Thoothukudi has opened up the tale of a serial polluter

Tamil Nadu’s coastal town of Thoothukudi is slowly limping back to normalcy after indiscriminate police firing last Tuesday claimed 13 lives.
Representational Image.
Representational Image.

Tamil Nadu’s coastal town of Thoothukudi is slowly limping back to normalcy after indiscriminate police firing last Tuesday claimed 13 lives.

The police repression of people demanding an end to the pollution of their soil and water has shocked the conscience of the nation. Images of a policeman standing atop a police vehicle and picking off protestors with his gun, will not be easily forgotten.

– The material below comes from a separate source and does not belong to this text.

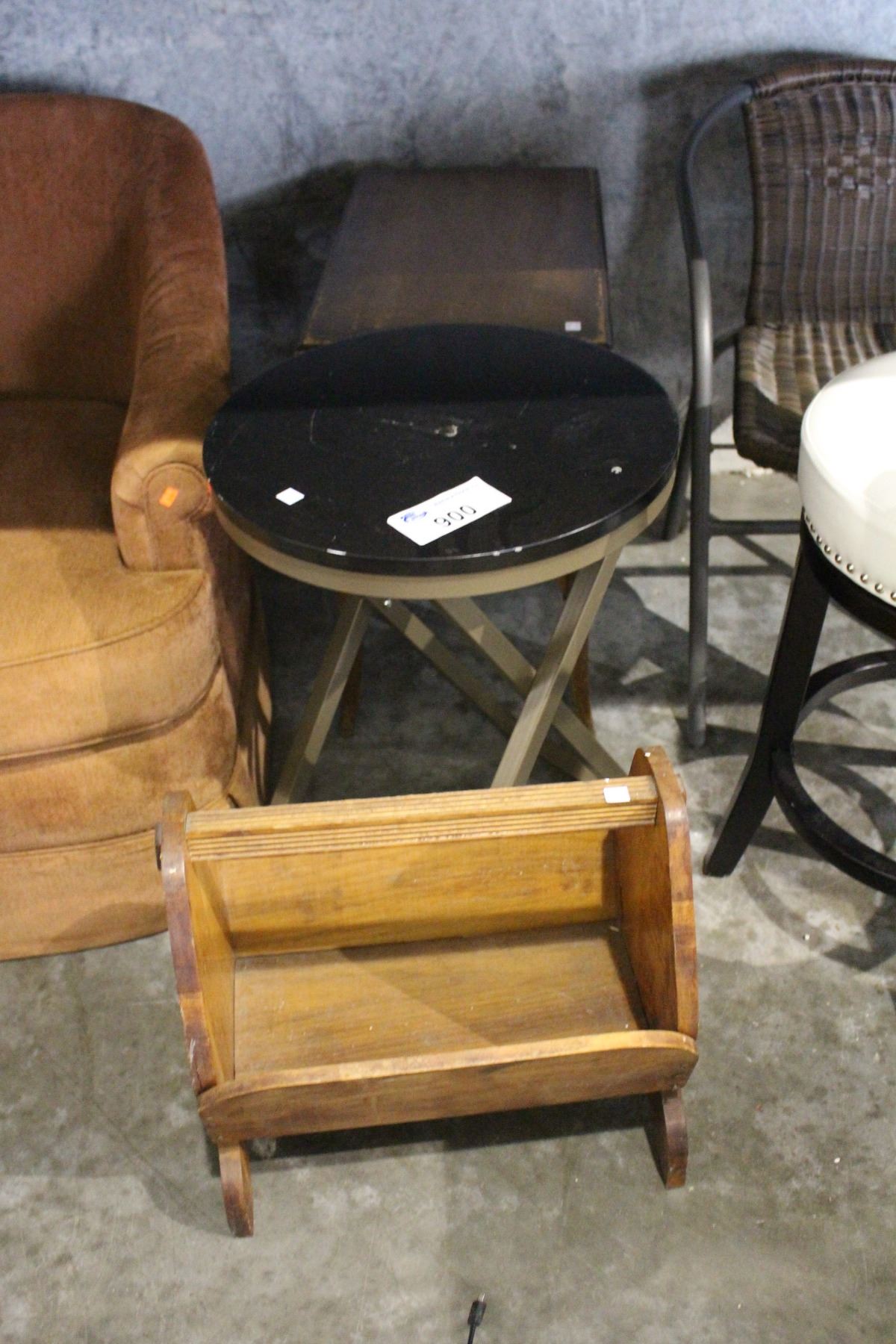 MAGAZINE RACK, SOFA TABLE, WOOD TABLE WITH BLACK TOP AND WALNUT END TABLE

Unfortunately, it takes a huge human tragedy to get things moving. The Madras High Court has stayed Sterlite’s expansion plans which seek to double copper production to 8 lakh tonnes per annum. And after all the procrastination, the Tamil Nadu government has announced the closure of the copper plant. 

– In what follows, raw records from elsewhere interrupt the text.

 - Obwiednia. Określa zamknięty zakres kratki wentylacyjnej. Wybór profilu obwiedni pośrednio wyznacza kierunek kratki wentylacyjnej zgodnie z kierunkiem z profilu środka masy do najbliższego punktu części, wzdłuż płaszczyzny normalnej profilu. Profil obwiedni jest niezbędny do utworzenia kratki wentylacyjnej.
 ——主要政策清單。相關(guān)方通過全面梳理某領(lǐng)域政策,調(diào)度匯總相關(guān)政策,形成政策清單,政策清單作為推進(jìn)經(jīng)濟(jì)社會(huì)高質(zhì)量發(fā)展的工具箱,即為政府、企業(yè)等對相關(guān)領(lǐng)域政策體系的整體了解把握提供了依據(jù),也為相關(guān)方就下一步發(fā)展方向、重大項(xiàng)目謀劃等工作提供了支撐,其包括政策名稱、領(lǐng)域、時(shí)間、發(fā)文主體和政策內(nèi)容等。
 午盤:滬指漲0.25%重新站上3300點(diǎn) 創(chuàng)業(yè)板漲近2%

Sterlite Industries, its owner London-registered Vedanta Resources Plc, and chairman Anil Aggarwal are shaken up but are willing to bide their time. They are veterans of many environmental protests. Vedanta founder Anil Aggarwal is, after all, a crisis-hardened businessman who has risen from a small-time scrap dealer. 

SORDID HISTORY 

It is not the first protests or deaths that Sterlite had to deal with in Tuticorin. Sterlite set up shop in Tuticorin after its bid to install a copper smelter in Ratnagiri, Maharashtra failed in 1993. The TN factory was first closed in November 1998 after the Madras High court found evidence of a gas leak and arsenic poising of the soil. 

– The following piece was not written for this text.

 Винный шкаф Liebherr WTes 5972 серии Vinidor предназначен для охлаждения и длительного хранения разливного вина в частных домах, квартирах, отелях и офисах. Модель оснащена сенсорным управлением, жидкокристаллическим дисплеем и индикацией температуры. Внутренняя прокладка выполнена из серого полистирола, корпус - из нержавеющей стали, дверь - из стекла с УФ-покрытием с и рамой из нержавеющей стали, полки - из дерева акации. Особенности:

Production got going after a few days and the company expanded both capacity and environmental violations. Again in 20 September 2010, reacting to a writ petition by the National Trust for a Clean Environment, the Madras High Court shut the plant.

Production again resumed till a massive gas leak in March 2013 saw people suffocating and suffering from eye irritation and even miscarriages.

The Pollution Board closed the plant, but Sterlite denied any wrongdoing. The dispute finally went up to the Supreme Court, which ruled that the plant “did pollute the environment through emissions which did not conform to the standards laid down by the TNPCB…”. But once again Sterlite was let off the hook. The court allowed it to resume production with a fine of Rs 100 crore.

Despite all the environmental brouhaha, the London-headquartered Vedanta Resources Plc, of which Sterlite is a subsidiary, has grown rapidly reporting a 33 percent rise in revenue to $15.4 billion, and a surge in operating profit to $ 4.1 billion for financial year 2017-18. But its record as a corporate citizen has hardly been exemplary. 

SERIAL POLLUTER

Vedanta fought and lost a long battle for bauxite mining rights in the Nyamgiri Hills, in the Kalahandi district of Orissa. When it got its regulatory permissions, it had not contended with the local Donghria Kondh tribal people who regarded the Hills as their soul and God, and who refused to let the company in.

The battle went to the Supreme Court, which in 2013 interestingly ruled that the local people should take a call.  All the village councils voted against the project. 

Last year Zambian farmers sought damages before a London court claiming that Vedanta subsidiary Konkola Copper Mines had destroyed their land and livelihood by polluting local water resources. 

Looking at Vedanta’s sordid history of repression and environmental damage, it is obvious that collusion at all levels of government has been the order of the day. It is therefore refreshing to know that there are those who have taken corporate action against Vedanta. In 2010, the Church of England sold its $5.06 million stake, while a Norwegian Fund too exited in protest in 2007.

“We are not satisfied that Vedanta has shown, or is likely in future to show, the level of respect for human rights and local communities that we expect,” the Church of England said in a statement. 

The two most common arguments used to bend the law are: shutdowns will extinguish jobs; and, the heavy investments already made will be lost. In fact, if Vedanta and its polluting ways are not stopped, the loss of jobs and lives will be much more severe as illustrated in recent days in Thoothukudi. 

Arguing that shutting polluters is impractical as heavy investments will be lost is even more specious. It was used in the case of Sterlite by the apex court who limited itself to fining the company heavily. 

As we have seen, thanks to official collusion, the Rs 100 crore fine proved to be no deterrent. If the Korean heavyweight steelmaker POSCO had to leave the country after committing $12 billion investments, why should Vedanta get special ‘protective’ treatment?